Keep hook bodies cheap. They run on the producer's hot path and any latency they add becomes streaming latency seen by the client.

## Resource limits \[#resource-limits]

The in-memory store enforces three caps that the Redis adapters intentionally leave to the underlying database. Set them whenever your process can be reached by untrusted callers.

```ts
import { createInMemoryResumableStreamStore } from "assistant-stream/resumable";

const store = createInMemoryResumableStreamStore({
  maxChunkBytes: 64 * 1024,
  maxEntriesPerStream: 5000,
  maxStreams: 10_000,
});
```

* `maxChunkBytes` rejects oversized writes from a misbehaving producer (a runaway tool result, a base64 blob accidentally piped through). The producer task fails fast instead of pinning memory.
* `maxEntriesPerStream` caps the per-stream entry count. This bounds how much any single stream can grow before it starts erroring; pair it with TTLs so finalized streams clear quickly.
* `maxStreams` caps total live streams. Useful as a backstop in shared development environments and in single-tenant containers; in serverless deployments the platform already constrains concurrency.

These limits exist on the in-memory store. For Redis, configure `maxmemory` and an eviction policy on the server, and rely on application-level rate limiting upstream.

## Incident response \[#incident-response]

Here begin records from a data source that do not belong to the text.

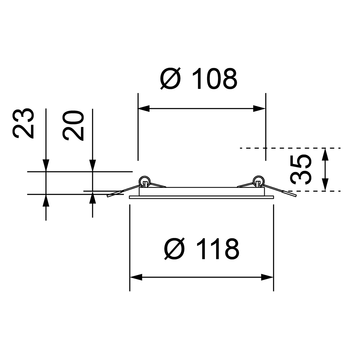 Produktgruppe: Einbau-Downlight, Takeo Round LED, Ausführung: Bohrloch-Ø 108 mm, Ausrichtbarkeit: starr, Farbe/Finish: weiss, Treiber: inkl. Treiber, Lichtsteuerung: Ein/Aus, Pst: < 1, SVM: < 0.4, Lichtstrom: 550 lm, Systemleistung: 7 W, Farbtemperatur: 3000 K warmweiss, CRI: 80, Abstrahlwinkel: 110 °, Anzahl Lichtquellen: 1, Anteil Direktlicht: 100 %, Energieeffizienzklasse: E, Lebensdauer LED: 50ʼ000h L70, Schutzklasse: 1, IP-Schutzklasse: IP20, Spannung PRI: 220-240 V, Frequenz PRI: 50/60 Hz, Bestromung SEC: 500 mA, Vorwärtsspannung (min): 11 V, Vorwärtsspannung (max): 13 V, Durchmesser: 118 mm, Bohrloch-Ø (max): 108 mm, Höhe: 23 mm, Einbautiefe 1: 20 mm, Einbautiefe 2: 35 mm
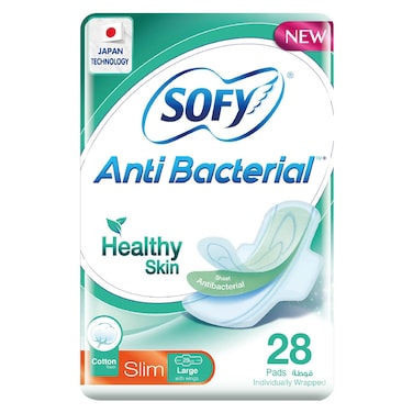 Sofy Anti-Bacterial Original Slim Sanitary Pads With Wings Large White 28 Pads
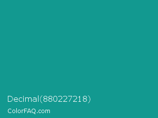 Decimal 880227218 Color is a normal cyan color and the nearest color is Niagara #06a189. Hex code #129990 and RGB value is rgb(18,153,144). In RGB color space, this color is composed of 7% red, 60% green, 56% blue, In CMYK color space, this color is composed of 88% cyan, 0% magenta, 6% yellow , 40% black , In HSL color space, this color has a hue angle of 176° , 79% saturation and 34% lightness.
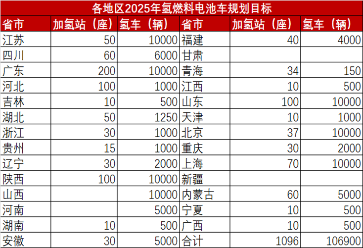 为推动未来加氢站和氢燃料电池汽车的落地使用数量到进一步突破,近年来多地区在能源规划中对加氢站数量、氢燃料汽车数量等指标给予了明确要求。目前已有27个省/直辖市及自治区对于2025年要达成的加氢站和氢车数量目标予以详细规定,明确截至2025年氢能规划部署建设加氢站共1096座和氢车共10.69万辆,加氢站方面广东省排名第一,规划建设200座加氢站,氢车方面江苏、广东、陕西、山西、山东、北京、上海的目标均达到10000辆。近日广东公布了163座加氢站选址,覆盖广州市内主要干线,各省规划加速推进。
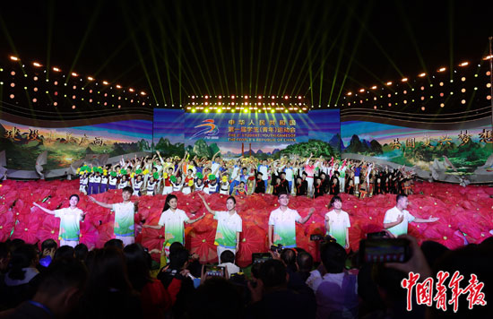 今晚的广西南宁青秀山铜鼓广场成为活力四射的青春主场,学生、青年运动员代表们在这里依依惜别、相约未来。在过去的10天里,他们在第一届全国学生(青年)运动会上以奋斗展现青春底色、以成长书写民族希望。今天,当本届学青会的比赛全部落下帷幕,他们无愧于“青春当勇毅,奋斗绽芳华”的荣光。

The streamId leaks through response headers, browser session storage, server access logs, and (in some setups) error reports. If you suspect any of those channels were compromised, treat all in-flight stream ids as exposed.

What to log up front, so you have it when you need it:

* The acquiring user id, request id, and IP for every `acquire` call (via `onAcquire`).
* The finalize status (and any error) for every stream (via `onFinalize`).
* The owner-binding writes and reads, with the user id and the streamId.

What to rotate or invalidate during an incident:

* Bump `keyPrefix` on the store. Existing streams become unreachable and new ones land under the rotated namespace.
* Invalidate signed session cookies that reference any cached streamId.
* Drop the owner-binding keys for affected users (`DEL aui:resumable:owner:*` scoped by user) so resumes are forced through a fresh acquire.
* Shorten `defaultTtlMs` temporarily so any orphaned stream rolls off quickly.

After rotation, reissue stream ids server-side and redirect clients through a fresh acquire; do not trust any streamId the client already holds.